Accessing used resources per trial

Hi all,

For the models we are trying to tune, an important metric is their resource requirements (i.e. training time and memory usage). I’m familiar with the resources_per_trial kwarg to set available resources per trial, but am interested to know if we can get information on the resources that are actually used.

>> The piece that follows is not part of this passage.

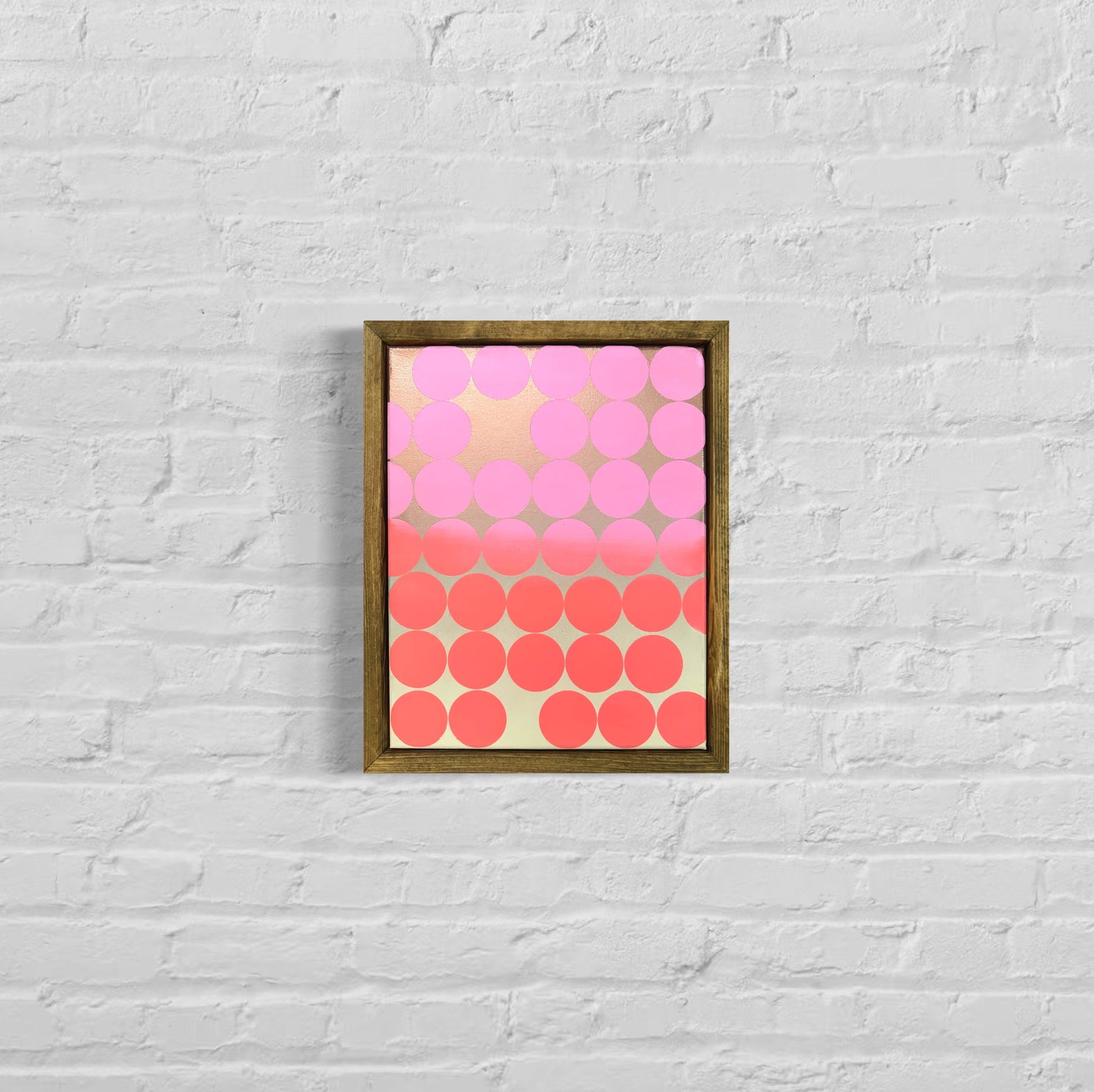 A bold and expressive abstract painting on stretched canvas featuring vibrant pink circular forms against rich coral and red tones. The layered composition creates dynamic visual energy while maintaining a cohesive color harmony that draws the eye inward.

I’ve noticed Ray Tune prints out Memory usage on this node and Resources requested to the terminal. Is there a way to get similar information on a per-trial basis? I’ve thought about calling a memory profiler such as memray inside of the ray.tune experiment, but this seems like overkill since we are only interested in the maximum memory usage per trial, and in any case I haven’t found a memory profiler that plays nicely when running trials concurrently. Has anyone got any experience with doing something similar?

Thanks in advance!
Ashley

Hi @ascillitoe,

there’s some work on this in the Ray observabilitysection in the docs - does that help? Exporting Metrics — Ray 1.13.0
If not, please let us know what would make it clearer for you. Also cc @sangcho who is familiar with the observability work :slight_smile:

Hi @kai, many thanks for the fast response and the suggestion to look at the “Exporting Metrics” section, I hadn’t noticed this. Are the metrics logged to Prometheus the same as those reported by ray.nodes()? I ask for two reasons:

  1. It doesn’t look to me like ray.nodes() gives resources used/consumed on a per-trail basis? From what I can see it looks like the memory and CPU fields reported in Resources are the total available on the node, rather than that used/consumed by each individual trial on a node?
  2. We’d ideally like to access the reported resource metrics via the Python API, rather than going via Prometheus. This is because we log all our experiments to Aim via a custom callback, and what we’d ideally like to do is have the maximum memory and cpu usage per trial recorded as metrics in Aim i.e. the resource metrics would be reported like any other parameter in tune.report().

Thanks again!
Ashley